Okay so if I just grab the H7 on the weekend and use regular turn fogs, I should be good? I hear some people just run h7 and don't use turn/fogs

Also for the ecodes, I don't want to blind people, so what's another light to get besidr H7? (Have a feeling they may be too bright)

Sent from my Nexus 4


----------



## dennisgli (May 17, 2003)

BsickPassat said:


> The stock headlights for North American MKIV JEttas are:
> High/low: 9004
> Turn/city: 3457/3357
> Fogs (if equipped): H3


9007 - not 9004.

But anyway - what headlights did you buy? Is the H7 for the low beam or the high beam?


----------



## BsickPassat (May 10, 2010)

dennisgli said:


> 9007 - not 9004.
> 
> But anyway - what headlights did you buy? Is the H7 for the low beam or the high beam?


thanks for the catch


----------



## jark99 (Mar 6, 2012)

dennisgli said:


> 9007 - not 9004.
> 
> But anyway - what headlights did you buy? Is the H7 for the low beam or the high beam?


I bought some generic ecodes from a buddy. That's why I was asking about the bulb, its a poor mans hid setup!

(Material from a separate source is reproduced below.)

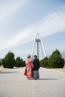 この日は晴天!青空の下、堤防でご新郎様にご新婦様を抱っこ!
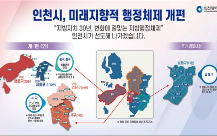 인천광역시가 생활권과 인구 규모에 적합한 미래지향적이고 합리적인 행정구역 개편을 추진한다.인천시는 기존 2군·8구 체제에서 2군·9구 체제로 전환을 추진한다고 31일 밝혔다.시에 따르면 현행 체제는 1995년도 2군·8구로 확정된 이후, 27년 동안 행정적, 사회적 여

Haha, from what I understand, the jetta has dual high/low beam lights? So 1h7 per light works? Not sure, I don't know a lot about this stuff. 

Sent from my Nexus 4


----------



## dennisgli (May 17, 2003)

jark99 said:


> I bought some generic ecodes from a buddy.

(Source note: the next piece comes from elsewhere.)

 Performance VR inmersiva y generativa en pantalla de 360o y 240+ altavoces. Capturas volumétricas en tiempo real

Well if they are "generic" Jetta lights then they aren't likely to be HIDs. They probably use H4 bulbs.

If you want help you might want to post some pictures of them - including the connectors for the bulbs.


----------



## jark99 (Mar 6, 2012)

dennisgli said:


> Well if they are "generic" Jetta lights then they aren't likely to be HIDs. They probably use H4 bulbs.
> 
> If you want help you might want to post some pictures of them - including the connectors for the bulbs.


Here are the ecodes

























Here's the hid kit

















Sorry for the long post, just trying to provide as much info as possible because I'm going to the shop to buy the hid lights and don't want to get ripped off on.bulbs required. I'm more of the mechanical person lol
Sent from my Nexus


----------



## dennisgli (May 17, 2003)

jark99 said:


> Here are the ecodes


Those would take H4 bulbs. Don't bother with the HIDs - just get the correct bulbs.

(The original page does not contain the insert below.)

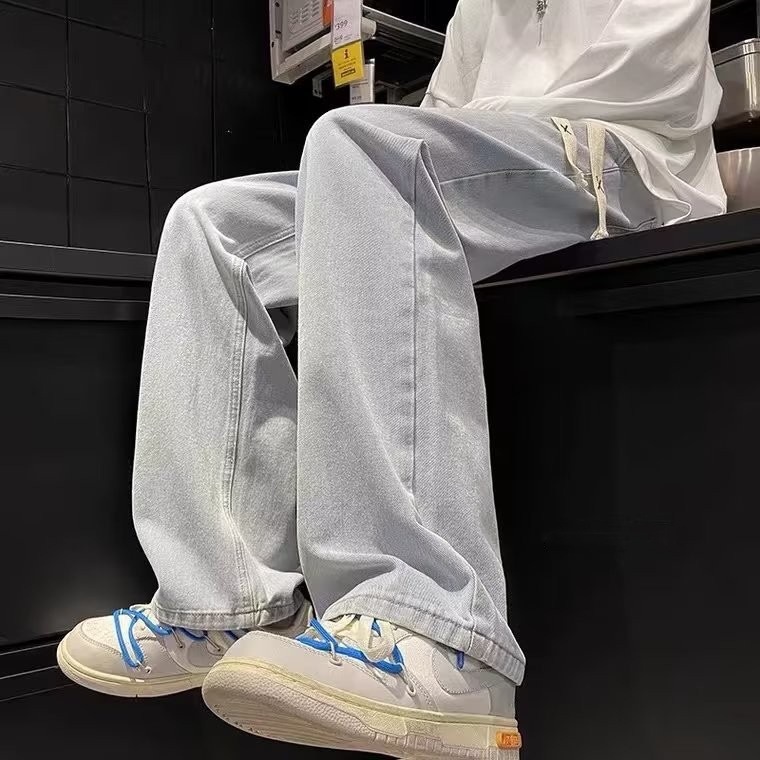 American Style vibe Style Pants Men's Autumn All-match Jeans Trendy Brand ins High Street Spring and Autumn Loose Straight Wide Leg Pants

Why do you think you want HIDs anyway?


----------



## jark99 (Mar 6, 2012)

dennisgli said:


> Those would take H4 bulbs. Don't bother with the HIDs - just get the correct bulbs.
> 
> Why do you think you want HIDs anyway?


 Yeah I have the H4s sitting in my current headlights. I'll probably just swap them, any recommendations on aftermarket bulbs? Trying to get that clear blueish white look. I'll just sell the hid kit I guess since I can't use it. Just wanted nicer lights tbh, thanks for helping me out Dennis


Sent from my Nexus 4


----------



## dennisgli (May 17, 2003)

I'm not the one to ask about tinted bulbs - you might want to ask on the MkIV forum - I'm sure you'll get plenty of advice there on what looks good. Keep in mind that clear will give you the best performance - and the darker the tint the poorer it will get.


----------



## Hotvws82 (Aug 11, 2011)

I have a 03' Passat W8, my drivers
side ballast went out, any
recommendations for good new
ballasts without paying an arm & leg? I dont wanna put a after market kit in it, I just need a new ballast


----------